Outcome 5: Renewable Energy Sources

Biomass Energy

  • Biomass is organic matter from terrestrial and aquatic plants and their derivatives.

  • Includes forest crops/residues, energy crops, and animal manure.

  • Renewable because plant life renews annually.

  • Form of solar energy: Solar energy \rightarrow Photosynthesis \rightarrow Biomass \rightarrow Energy generation

Biogas

  • Generated through anaerobic digestion of biomass in a biogas digester.

  • Composition:

    • Methane: 50-75%

    • Carbon dioxide: 25-50%

    • Nitrogen: 0-10%

    • Hydrogen: 0-1%

    • Trace amounts of O2 and H2S.

  • Applications: Cooking, lighting, heating, operating small IC engines

Biomass Conversion Technologies

  • Fixed Dome type

  • Floating Gas holder type

Fixed Dome Biogas Plant

  • Advantages:

    • Uses locally available materials.

    • Inexpensive.

    • Easy to construct.

  • Disadvantages:

    • Difficult to repair leaks.

    • Requires expertise for gas-tight construction.
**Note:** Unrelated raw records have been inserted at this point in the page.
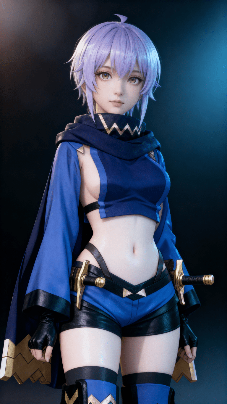 一位年轻亚洲女性,全身像,动漫转贞本义行风格,拥有精致立体的五官,真人比例身材,人物形象参考图2,皮肤白皙细腻,质感通透,朦胧的光照,整体妆容精致自然,背景为深色渐变,突出人物主体,光线柔和朦胧,呈现出专业摄影的质感,画面清晰,细节丰富,具有3D渲染的精致效果。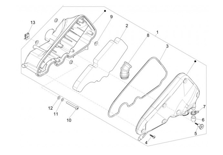 Air filter box compl. -PIAGGIO- Vespa LX 50 4T, Sprint 50 4T, Primavera 50 4T, S 50 4T, Piaggio Fly 50 4T, Aprilia Sport City One 50 4T
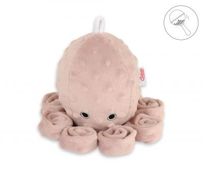 Jautrais astoņkājis ir lieliski piemērots katra mazuļa gulēšanai un pieglaudīšanai. Astoņkājis ir ideāls un drošs mazuļiem no pirmajiem dzīves mirkļiem. Maigas grabēšanas dēļ viņš pievērš sev bērna uzmanību. Izgatavots no mīksta pieskāriena, irdenas un mīkstas Minky vilnas. Pildījums spilvena iekšpusē ir Eco Fillball sertificētas silikona bumbiņas – “mākslīgās pūkas” spilveniem – pildījums nodrošina pareizu mazuļa nostāšanos un gaisa cirkulāciju.
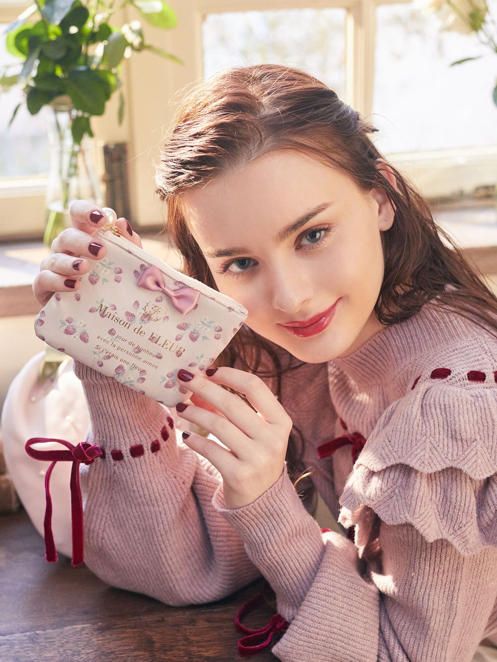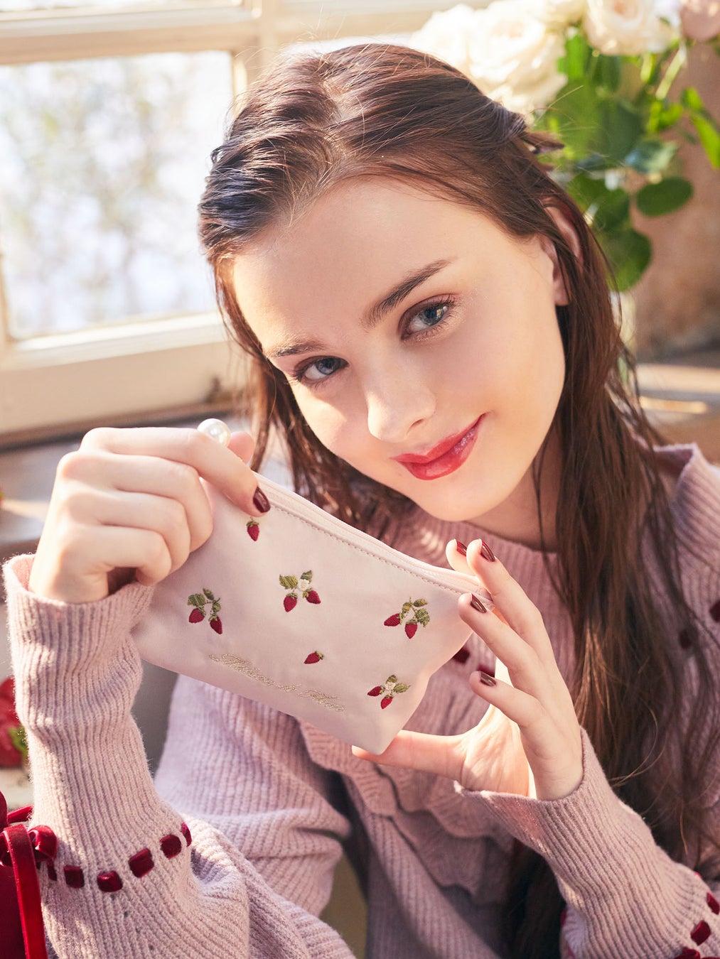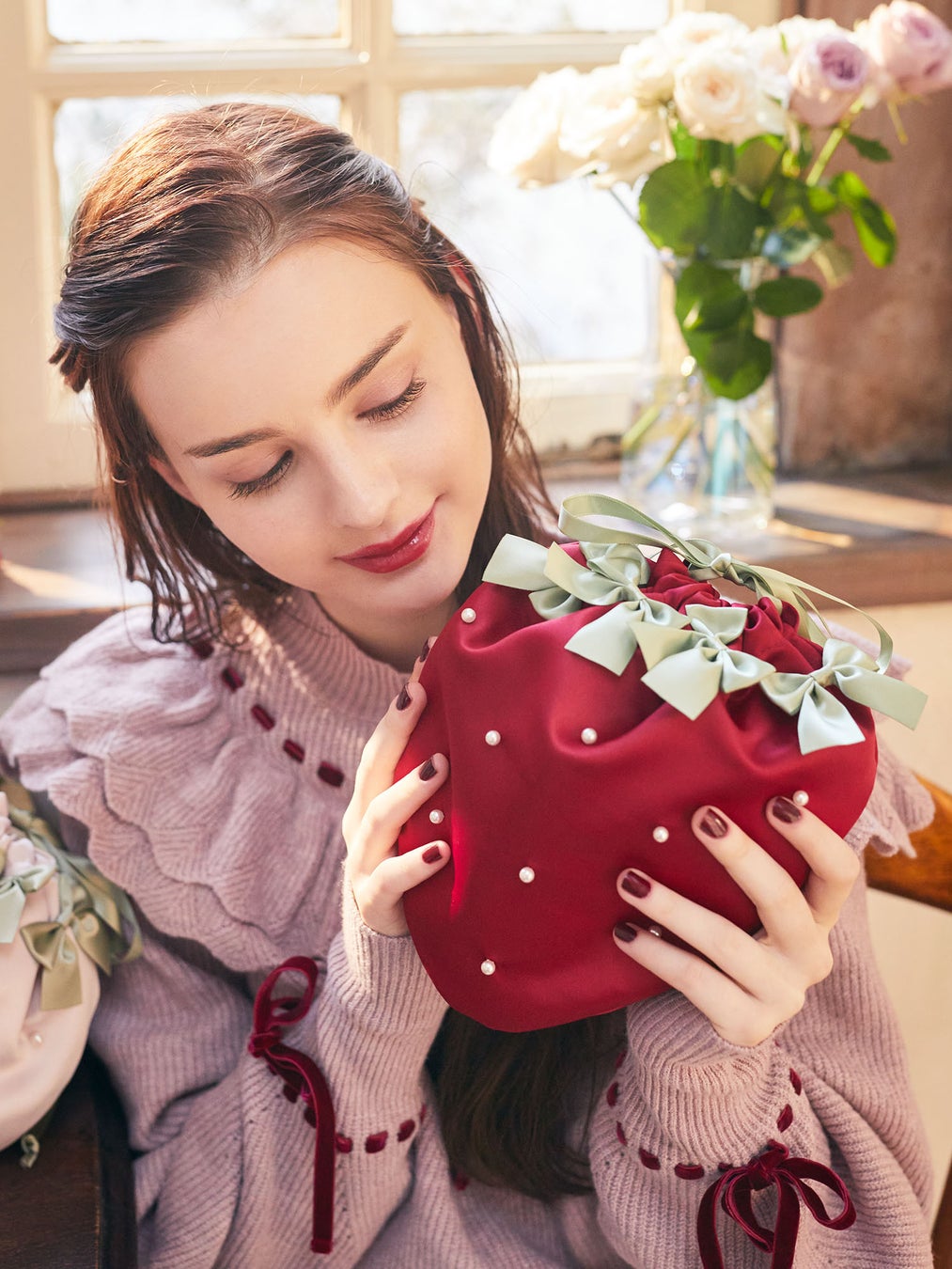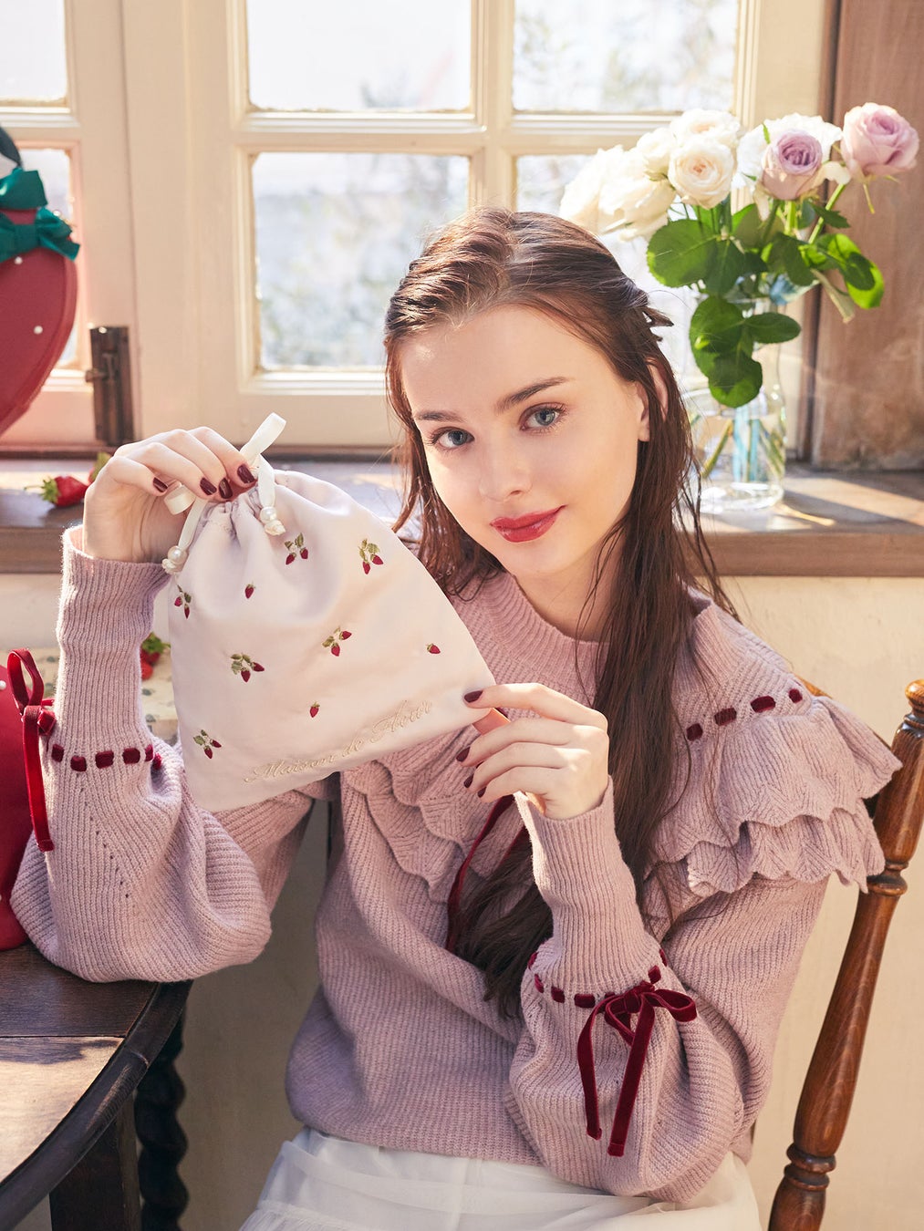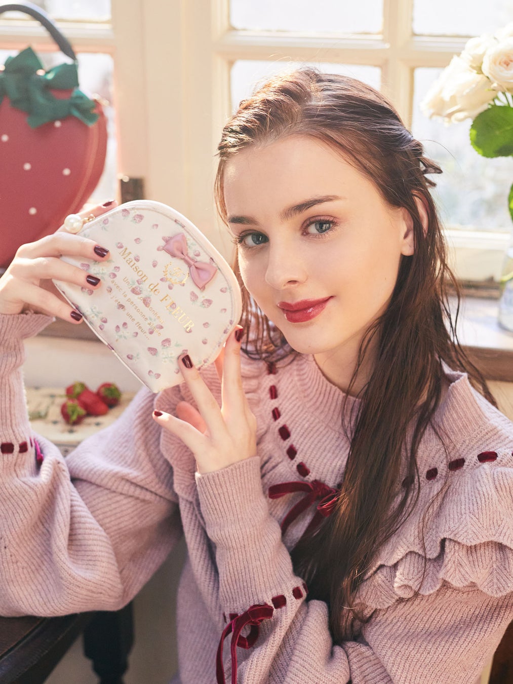 中でも一押しは、いちごの形をそのままバッグにした「いちごショルダーバッグ」です。種はパール、へた部分はリボンで表現したMaison de FLEURらしいデザインに仕上げました。身に着けるだけで一気に華やかさを演出してくれるアイテムです。また、サテン生地の巾着もご用意。ジューシーな赤と可愛らしいピンク、上品なアイボリーの3色をラインアップいたしました。

    • Difficult to estimate gas production.

Floating Gas Holder

  • Advantages:

    • Constant gas pressure.

    • Simple operation.

    • Visible stored gas volume.

  • Disadvantages:

    • Expensive due to steel drum.

    • Steel drum may rust.

    • Requires regular maintenance.

Advantages of Biogas Technology

  1. Cheaper fuel for cooking, lighting and power generation.

  2. Good quality manure for soil fertility.

  3. Effective waste disposal, improving hygiene.

  4. Reduces burden on forests by reducing tree cutting for fuel wood.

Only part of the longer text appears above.